As an example, a large retail company can monitor real-time sales of thousands of SKUs across hundreds of outlets, and minute-by-minute logs of sales. Delivering these massive volumes of data to a community of different users for simultaneous analysis opens up new insights and capabilities that have never existed before: enabling shoppers to appreciate buying trends in order to make more accurate decisions about products catalogue ; product specialists to consider alternate ways of packaging products together; inventory management professionals to increase traffic more easily in warehouses or stores; Pricing professionals to instantly adjust the prices of the different points of sale, among others. The use of data analysis techniques in the current context requires real-time access to data and therefore the ability of the storage system to deliver the data as quickly as possible. The Data Warehouse was designed for the storage of structured data and does not provide real-time access to this data.
As we said earlier, to solve these challenges, the most appropriate approach is to distribute data storage and parallelize their processing on a Hadoop cluster. The technologies used to implement the Data Warehouse do not allow distributed storage or parallelism of user requests. Thus, companies must migrate all their data to a Hadoop cluster to provide a unified processing framework and rapid access to data.

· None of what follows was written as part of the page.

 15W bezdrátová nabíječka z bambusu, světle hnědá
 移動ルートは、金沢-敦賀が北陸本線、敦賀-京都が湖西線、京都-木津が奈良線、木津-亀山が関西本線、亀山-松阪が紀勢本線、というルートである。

With the drop in data storage costs and the cost of computers, Hadoop can be considered as a unified point of access to data and HDFS presents itself as the most profitable option both in terms of performance and in terms of financial costs for data storage and processing. The HDFS can be used as a central repository to archive various data sources and formats, whether structured or unstructured. In the Data Warehouse, the data must be stored according to a multidimensional model and the analyzes that can be done on the data must be predefined.
However, the fact that HDFS does not require data to be stored according to a particular data model promotes the capture of new data sources and makes it more flexible for data analysis. This approach where Hadoop is used as the single point of access to all company data is called Data Lake. We are going to define the notion of Data Lake and you will see that this concept does not have the same meaning as that which is commonly held and which you may intuitively think of.
Data Lake Definition
The phrase “Data Lake” was coined by James Dixon, the CTO of Pentaho as of the publication date of this article. Pentaho is a Big Data solution software publisher. Like any concept that emerges, the Data Lake has been assigned a multitude of definitions, for the majority as erroneous as each other. No one knows a concept better than its author. We are therefore going to define the Data Lake not according to what we can intuitively think, but according to the way James Dixon defines it and as any definition is always given in a context, we are going to come back to the context in which he created it.

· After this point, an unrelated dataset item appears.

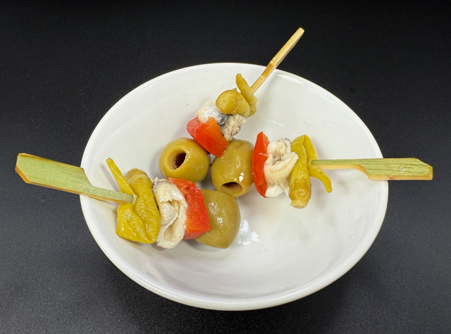GILDA CON BOQUERÓN, PIPARRA, PIMIENTO Y ACEITUNA GORDAL

The majority of business applications are essentially computer implementations of business processes (or workflow applications) or machine states. These are CRMs, ERPs, SCMs (Supply Chain Management), call center software, finance applications, or other business applications. Real-world entities or objects like employees, customers, orders represented in these applications are stored as collections of attributes that define their state at a specific time. Attributes are commonly referred to as fields or columns. As attributes of these objects, we can cite the name of the customer, his postal address, the date of the order, the quantity purchased, and so on. It is the value of these attributes at the time they are consulted that is technically called machine state or state. We will come back to this notion of machine state later.
Machine states are very effective when it comes to answering questions regarding the state of things, in other words, the machine state allows for reporting analyses, which indicate the situation of the object at a particular moment or which indicate what happened. However, when it is necessary to do predictive analyzes or analyzes that provide a medium or long term vision of the object, it becomes more complicated. Normally, to be able to perform predictive analyses, it is necessary to trace the different states of the attributes in a history called a log. This log generally takes the form of classic relational tables or CSV files that list the history of changes in the state of the attributes of the object over time. In a Data Warehouse for example, the history of real world entities is collected in tables called fact tables. This way the log can be aggregated for a set of attributes of one or more system objects to get a view of them over time. However, history is not always available for all objects. In general, the business chooses one or more objects of interest and it is for these objects that the history is collected.
Thus, if you suddenly want to analyze the evolution of the attributes of an object which initially had no interest (and therefore for which the history has not been collected), it will simply be impossible. Unfortunately, this situation is very common with the Data Warehouse approach. Specifically, building data analytics applications in the Data Warehouse approach follows the following pattern: users submit a set of questions they want the Data Warehouse to answer, a copy of the data regarding the attributes needed to answer to these questions is extracted from the Data Warehouse to constitute a “Data Mart”, and it is from this Data Mart that they obtain the answers to their questions. Each Data Mart is the Data Warehouse of a business process and any data mining application is built on a Data Mart.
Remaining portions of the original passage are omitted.